3) Switch off push notifications
You must set the precedent. Push notifications for email, texts, social media, the news, the weather, are detrimental to our productivity. But our mobile phones are probably the biggest distraction and interrupt us when trying to rest, or even when we’re trying to be productive. A recent study showed that the average Brit checks their phone 28 times a day. That’s at least once an hour… and more than 10,000 times a year. If your boss knows that at 6.30pm when you leave your office you will not be responding to emails, then he/she will just have to cope until the next morning. And by some miracle despite all the protestations, you will find that they managed to survive without you. But also save yourself from yourself, and when 9pm hits and you’ve made all the social calls and arrangements that you need, turn off your phone, in preparation for a healthy bed time regime.
4) Prepare your food for the week
I have found that food preparation is key to still managing to eat well despite your hectic lifestyle. Embrace what this modern world offers in terms of ordering your groceries to your door without having to spend hours walking chaotically through supermarket aisles. Even more tempting are the organic farm boxes full of beautiful seasonal goods, ensuring that you’re eating food that is still fresh and full of nutrients and flavour. Remember to make extra so that you have enough food for your packed lunch the next day, thus avoiding the crazed meal-deal sandwich buying at peak lunch times, but also ensuring that you aren’t going to be tempted by the sugary snacks at the checkout.
5) Slow down and do less
Ever heard of the saying, ‘doing less is more’? Honestly, doing less will make you happier because you’ll have less to be stressed about.
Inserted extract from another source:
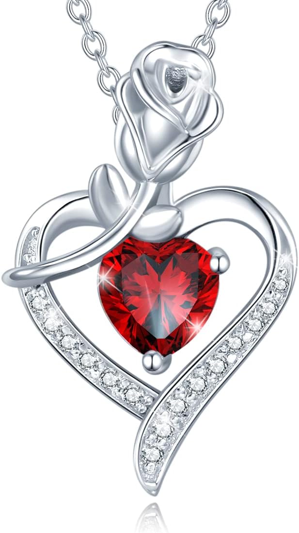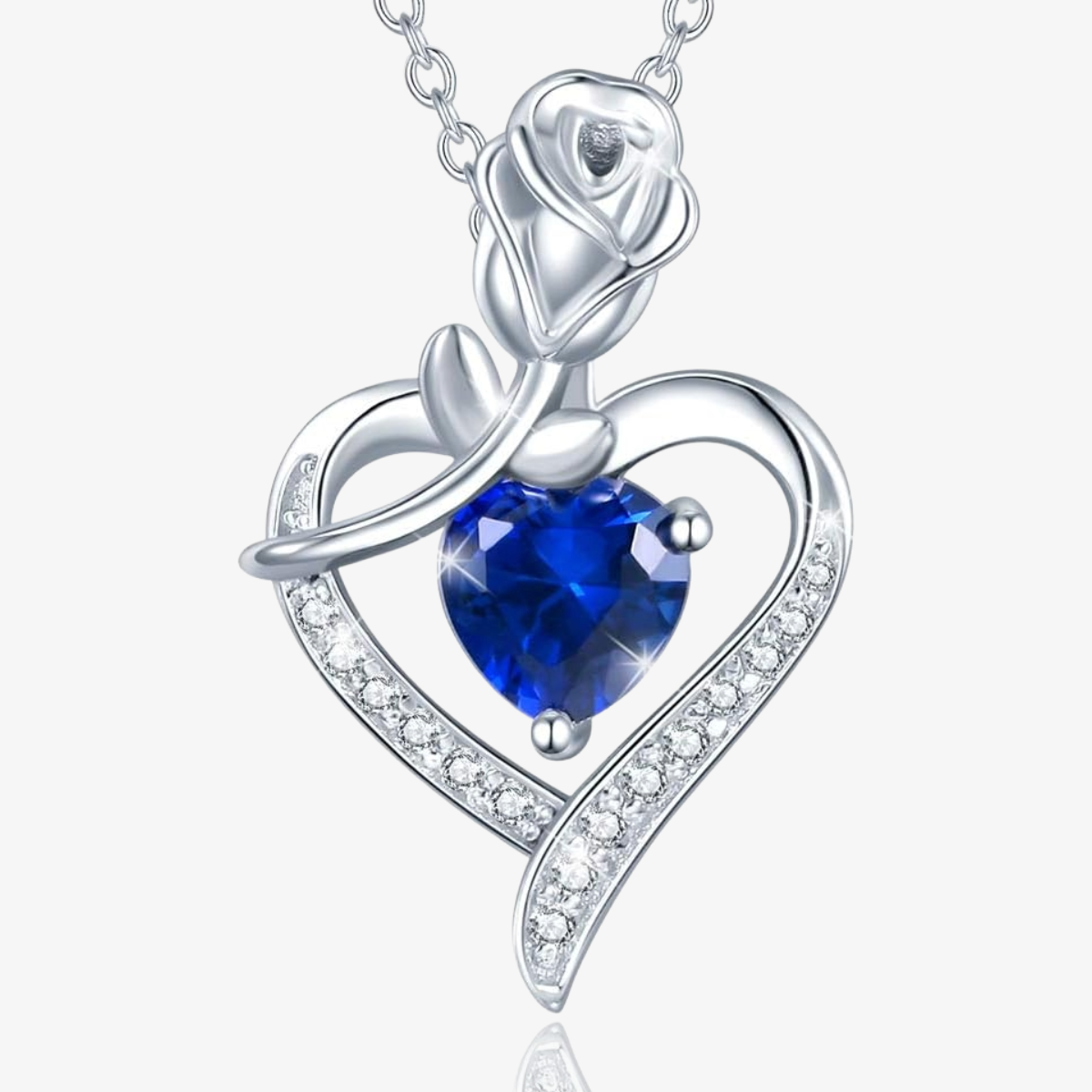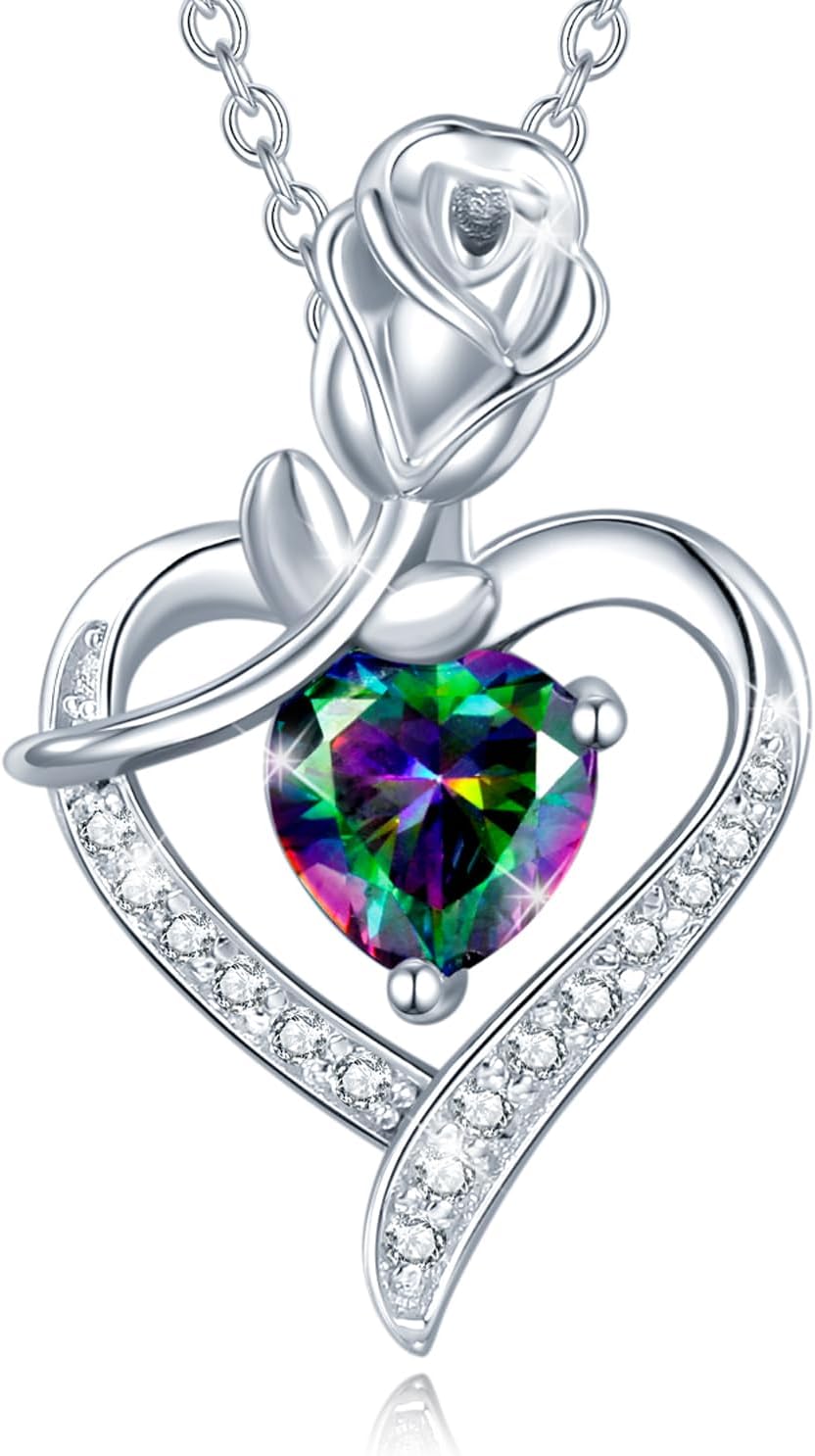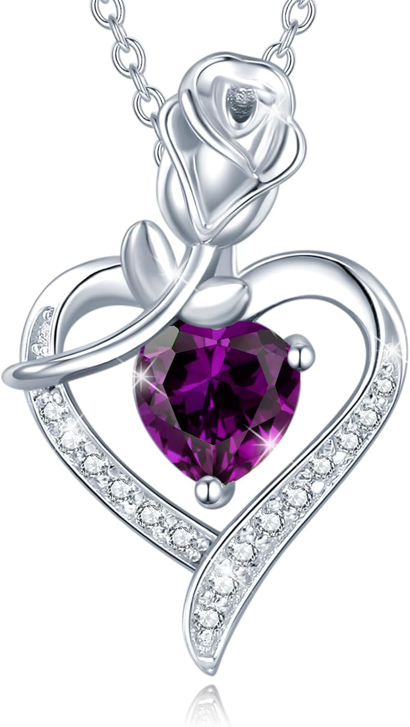 A romantic rose flower heart pendant necklace crafted from 925 sterling silver with customizable birthstone selections. This elegant piece embodies romantic elegance with a dream-like design, perfect for women who cherish meaningful jewelry gifts.

Life is more enjoyable if you slow down and take a moment to appreciate the little things – try switching to slow mode in everyday activities such as driving, walking, and eating. Focus on one thing at a time and try to avoid multi-tasking – nothing can be done efficiently if you’re juggling 10 things at once! Another tip is to try cutting your to-do list in half. We often trick ourselves into thinking we have to fit in doing as much as possible in a limited amount of time, but most of the time, it’s not realistic. Just stick to accomplishing the things that matter most – that way you’ll give yourself less pressure and you will feel like you’ve achieved something.